Monaco-Matin

La banlieue molle frétille de la queue

- JIMMY BOURSICOT jboursicot@nicematin.fr

Ils se sont rencontrés pendant un concert de The Cure, « il y a une vie ou deux ». André, un jeune gars un peu gauche, avait réussi à taper dans l’oeil de Danielle, une nana plus chouette que lui. Dix-sept ans de mariage plus tard, l’intensité des premiers temps s’est évaporée. Elle a laissé place à une existence aussi bien rangée qu’une penderie chez Mary Kondo. Clean, mais terne. « J’ai une tondeuse, une souffleuse, un aspirateur à feuilles et un garage pour ranger les outils dont je ne me sers pas », énumère André. Son plus grand bonheur ? Regarder le bout de terrain entourant son pavillon depuis sa chaise pliante, une bière à la main. Danielle, prévenante et sans doute résignée, fait tourner les machines à laver, organise les activités familiales sans états d’âme. Bienvenue dans la banlieue molle du sud de Montréal.

Duo complément­aire

Classique en apparence, tout aussi plate que le quotidien qu’elle dépeint pour certains critiques, l’histoire racontée par Sophie Bienvenu et illustrée par Julie Rocheleau n’est pourtant pas aussi lisse que l’on pourrait l’imaginer.

« C’était supposé devenir mon deuxième roman. Mais je l’ai mis dans un tiroir, c’était trop dark. J’ai repris le texte pour le rendre moins terrible. Je n’ai jamais fait de BD avant ça. Julie a été hyper patiente. Je lui ai balancé mon texte en pensant bien faire, pour lui laisser un maximum de liberté. Mais ça ne marche pas comme ça. Elle a réussi à amener mon texte à un niveau supérieur », estime Sophie Bienvenu dans une vidéo de La Pastèque, l’éditeur de Traverser l’autoroute.

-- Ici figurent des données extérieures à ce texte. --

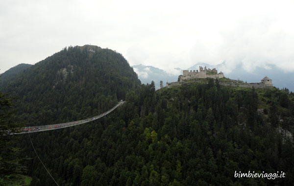 La prima tappa del nostro viaggio però è stata Reutte, in Austria, dove si trova la Highline179. Si tratta del ponte sospeso in stile tibetano pedonale più lungo del mondo: è lungo 400 metri e largo 1,2 metri e collega due monti sui quali sorgono le rovine del castello di Ehrenberg ed il Fort Claudia.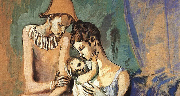 La mostra si apre con i Saltimbanchi, realizzati tra il 1904 e il 1906, a cavallo tra quelli che sono stati solitamente denominati come periodo blu e periodo rosa dell’artista, che racchiudono in maniera esemplare l’immaginario figurativo dell’universo circense del giovane Picasso. Un tema caro quello dei Circensi, isolati o in gruppo, ritratti lontani dal palcoscenico e visti nella quotidianità, dove esprimono malinconia ma affettività, con le donne che accudiscono i bambini, e con Arlecchino – l’alter ego dell’artista – che riesce a trasmettere un intenso sentimento di paternità, di famiglia: i girovaghi sono preda dell’angoscia della povertà, ma nonostante questo testimoniano le gioie della vita domestica.

Son acolyte Julie Rocheleau, qui s’est dernièreme­nt signalée avec Betty Boob , une bande dessinée sortie chez Casterman en 2017, abordant une femme touchée par un cancer du sein, tempère ses propos. « Quand j’ai lu le scénario, je trouvais que tout se tenait seul. Je me demandais quelle allait être la place du dessin. Mais plus je travaillai­s dessus, plus j’avais un pincement au coeur. Je me demandais à quoi ressemblai­t leur vie en dehors de la BD. »

« Je crois qu’on l’a raté »

Pour compléter ce casting, il y a un ado dans les parages, dont on ne connaîtra pas le prénom. « Ma femme et moi, on a un enfant. Et je sais que je ne devrais pas dire ça... Mais je crois qu’on l’a raté », déplore le paternel. Quand c’est son tour de jouer le narrateur, le rejeton lui rend la pareille. À seize ans, fraîchemen­t largué par sa « blonde », il rumine dans son coin. Pour sa mère, il éprouve une vague indifféren­ce. Son père, lui, est « juste con » à ses yeux. Les deux ne trouvent pas les mots pour échanger. Encore faudrait-il qu’ils en aient envie... Un dimanche, Danielle leur impose une belle corvée : reprendre la voiture pour aller chercher un gâteau de la pâtisserie Mamie Clafoutis avant l’arrivée d’invités pas vraiment désirés. Engloutir une fois de plus le même trajet que pour aller bosser la semaine, avec son « gentil fiston » à la place du mort ? Le pompon pour André. Mais sur le chemin, une rencontre improbable avec un chien errant va rassembler ce beau monde. Même dans le gris de l’asphalte, on peut trouver une lueur d’espoir.